見放されることを
過剰に恐れることはない

「他にもっと良い人がいる」ケースは、部下としても結構がっくりする。上手に言い訳を作ってくれたとしても、自分がそこまで高く評価されていなかったということくらいは分かる。プライドが傷つく。悲しい。

 しかし、仕方がない。自分の将来期待値が、上司から見て他者に劣ったということなのだから。これは新しい職場で見返すしかない。長い人生このくらいのことは1度や2度や3度はある。捨てる神あれば拾う神ありという格言を信じてみよう。

「戦術に合わない」場合も割り切るしかない。
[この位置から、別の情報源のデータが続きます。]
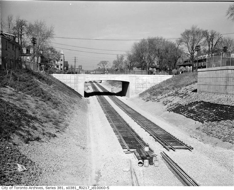 Tracklaying in open cut. Very similar looking to regular railway track and right-of-way. October 30, 1952

戦術に合わせて自分のやり方を変えるか、上司に戦術を変えさせるか、他の部署に変わるかという3択しかないのだ。

 上司に戦術を変えさせる、というのはおよそ現実的ではない。不承不承、中途半端に仕事をしていても幸せにはなれない。互いに反発しあって不毛な時間とエネルギーを費やすなど愚の骨頂である。

 上司の戦術に合わせると決めたら、徹底的に自分のアプローチのモデルチェンジをしてみよう。もし合わせないと決めたのなら、異動先を自分で探してさっさと異動願いを出すか、転職を考えるのがよいだろう。

 上司が「見放す」のは、上司の戦術や立場、能力、包容力などから見て、その部下(あなた)を置いておくことが今は適当でないということにすぎない。今は幸い、一度ついた上司に一生付き従い、生涯頭が上がらないという時代ではない。見放されることを過剰に恐れる必要など全くないのだ。

 もしそういう状況になれば、さっさと今の場所を離れて、より充実した仕事ができる場所を探すべきだろう。自分がよりよく能力を発揮できる場所で働くほうが、もとの上司にとっても、会社にとっても、もちろんあなたにとってもいいに違いない。